After finishing this great adventure, I felt a great nostalgia. Nostalgia not about the UK I experienced, but about the UK I didn't. Somehow these 3 years being busy complaining about everything I could think of (starting from the rain and finishing with the wrong side buses seem to come from) I failed to get a sense of the greatness of this nation, of almost the immerse possibilities it can offer to a stranger like me. I lost this time and now it is the time to say: "England, I am sorry". I am sorry that I didn't take all you could offer and I am sorry I got to dislike you so much. Just the time and place were not right for me and you to meet. Maybe in years, I will come back for a tour similar to Bryson's. Maybe then I will be able to appreciate the vastness of your land, the beauty of your weather, the cosiness of your people.
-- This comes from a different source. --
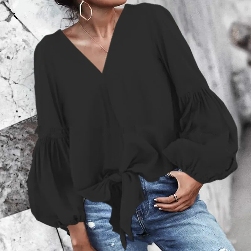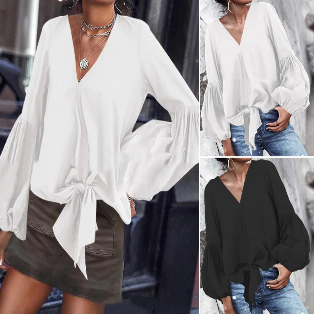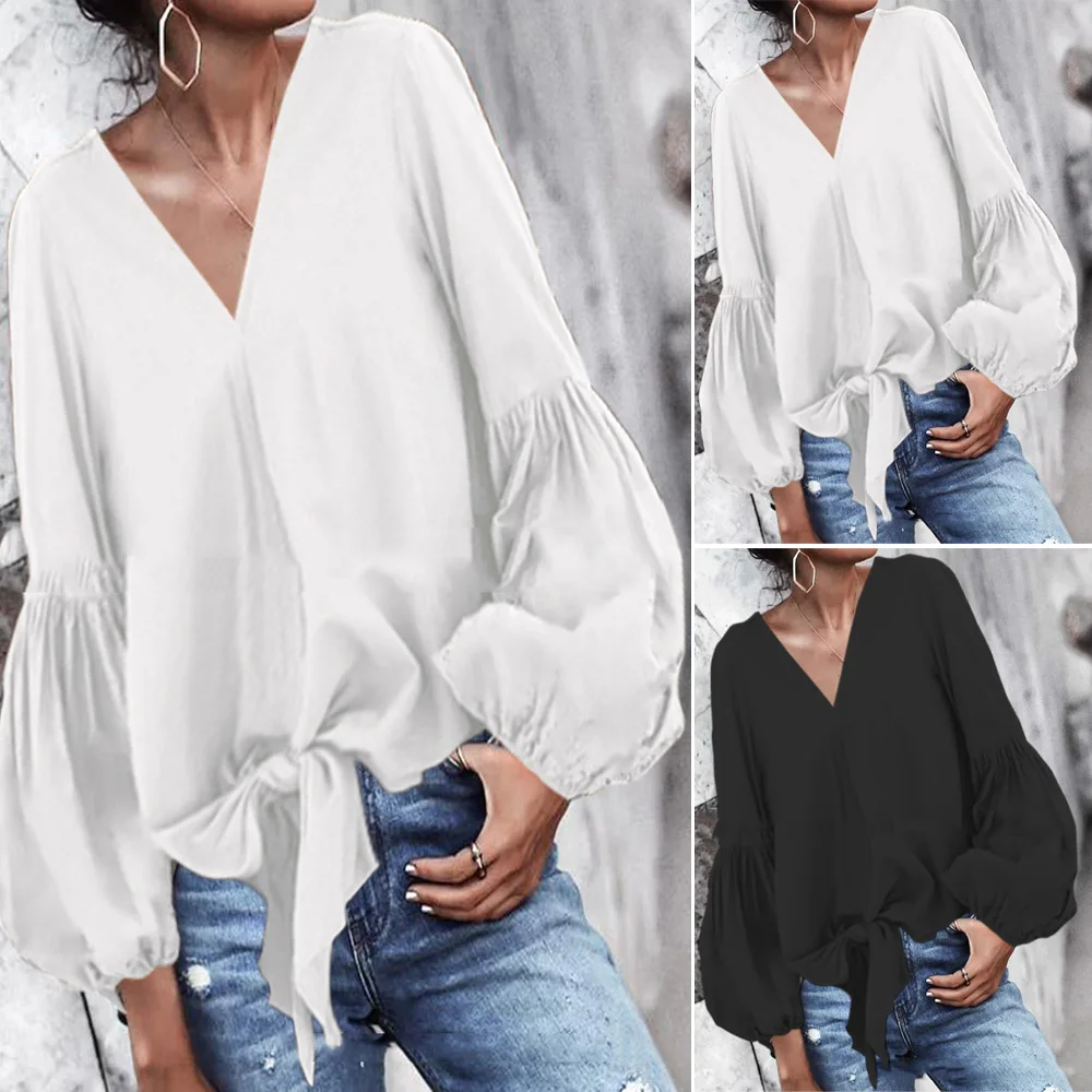 * Описание товара: повседневный, свободный, v-образный вырез, Пышный рукав, завязанный, сплошной цвет

Maybe then I will be more healthy, more mature, and more happy to say something like: "England, I came here. I disliked you. I hated you. I cried here. I was happy when I left. Then I came back. I travelled. I saw you. I got to know you. I realized I didn't hate you. I hated the person you made be here. But I am different now. And I thank you. For changing me. For helping me hit the bottom. For helping me stand up. For helping me reach the sky."